= Records for this task =
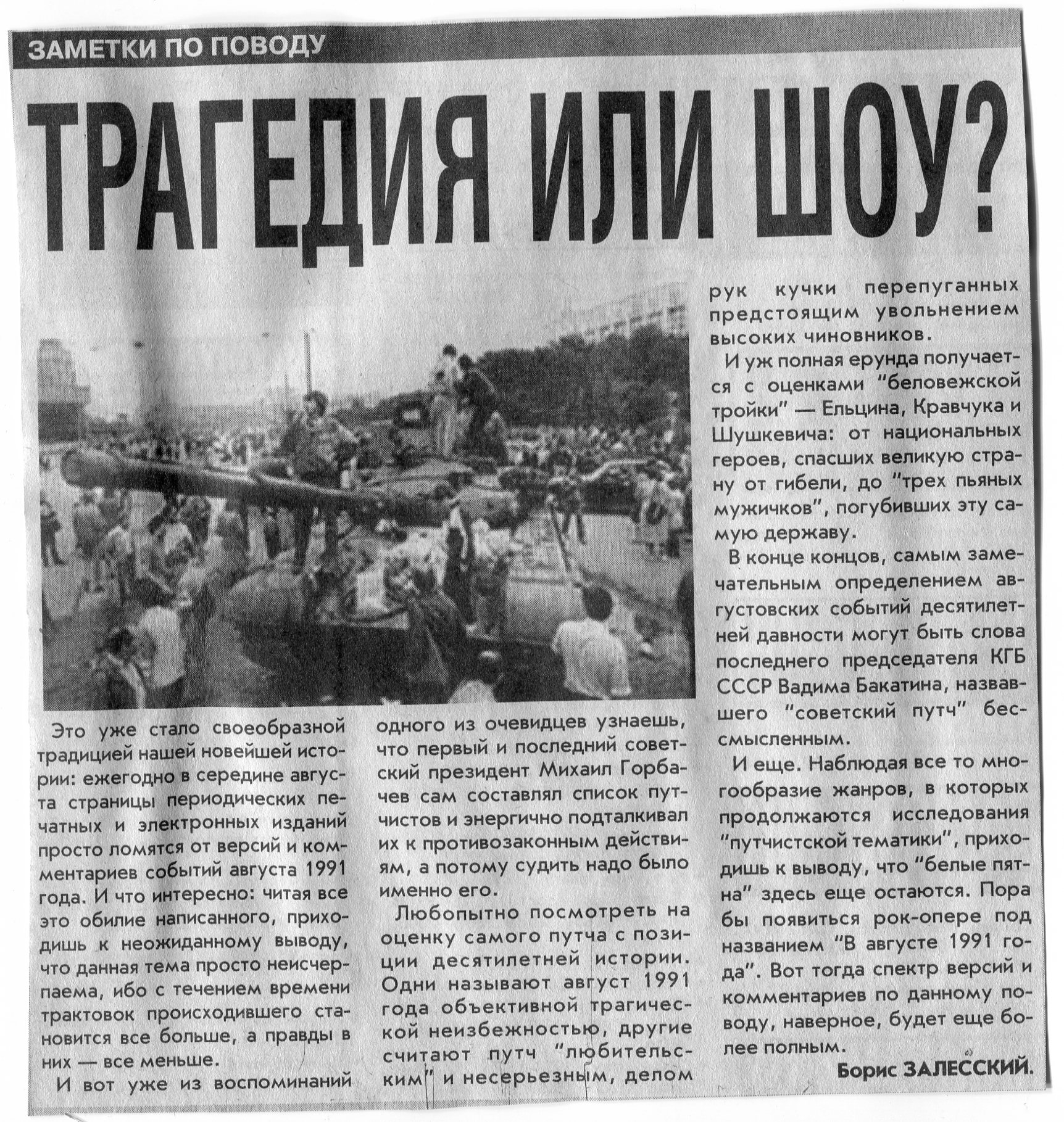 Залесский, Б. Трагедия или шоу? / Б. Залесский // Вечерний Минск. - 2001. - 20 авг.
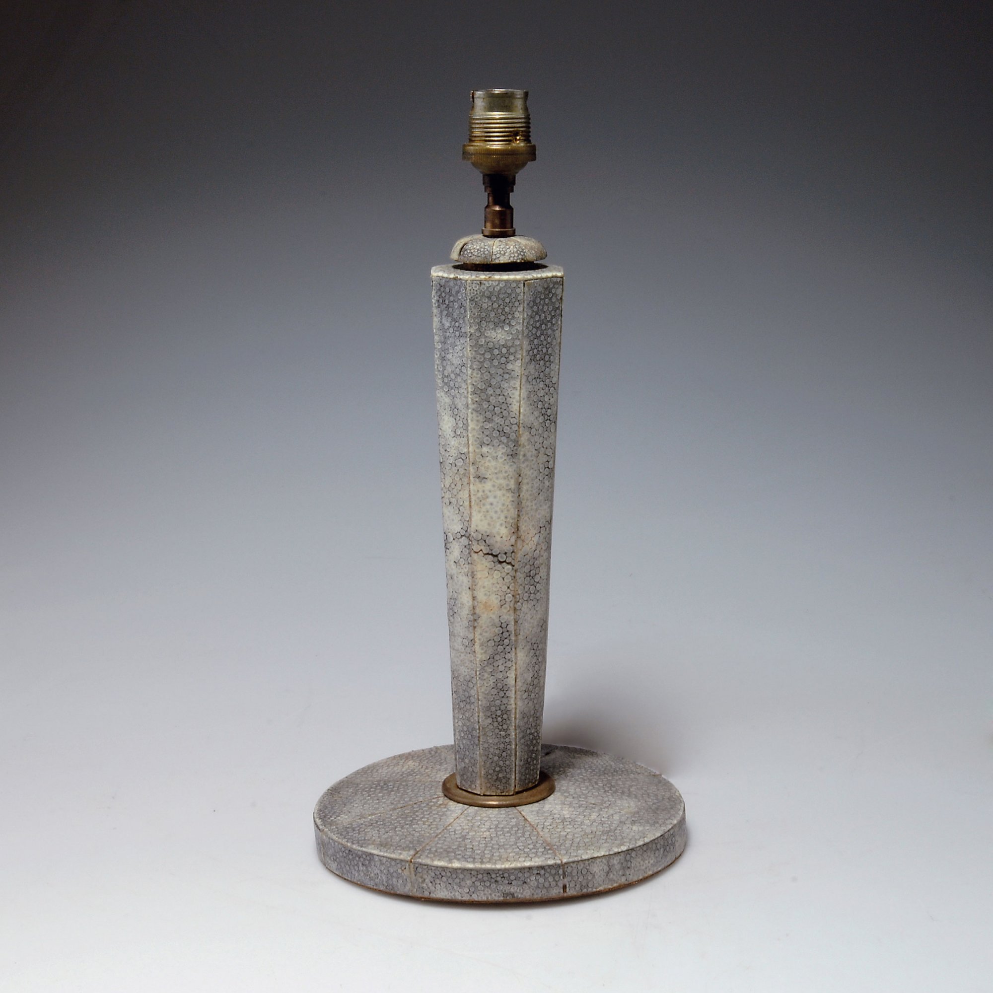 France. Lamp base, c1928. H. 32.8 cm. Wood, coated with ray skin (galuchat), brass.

---

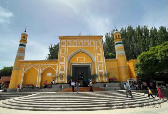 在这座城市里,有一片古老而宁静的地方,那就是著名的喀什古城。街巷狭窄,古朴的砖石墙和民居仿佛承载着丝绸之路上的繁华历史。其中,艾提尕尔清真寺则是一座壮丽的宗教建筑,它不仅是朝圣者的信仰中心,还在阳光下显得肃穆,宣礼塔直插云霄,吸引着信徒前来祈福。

= Assignment =
Above this task is a listing with pictures in it. Retype only the lines from the one containing "Залесский, Б. Трагедия" through the one containing "France. Lamp base, c1928.", both included, and not the pictures.

= Written solution =
 Залесский, Б. Трагедия или шоу? / Б. Залесский // Вечерний Минск. - 2001. - 20 авг.
 France. Lamp base, c1928. H. 32.8 cm. Wood, coated with ray skin (galuchat), brass.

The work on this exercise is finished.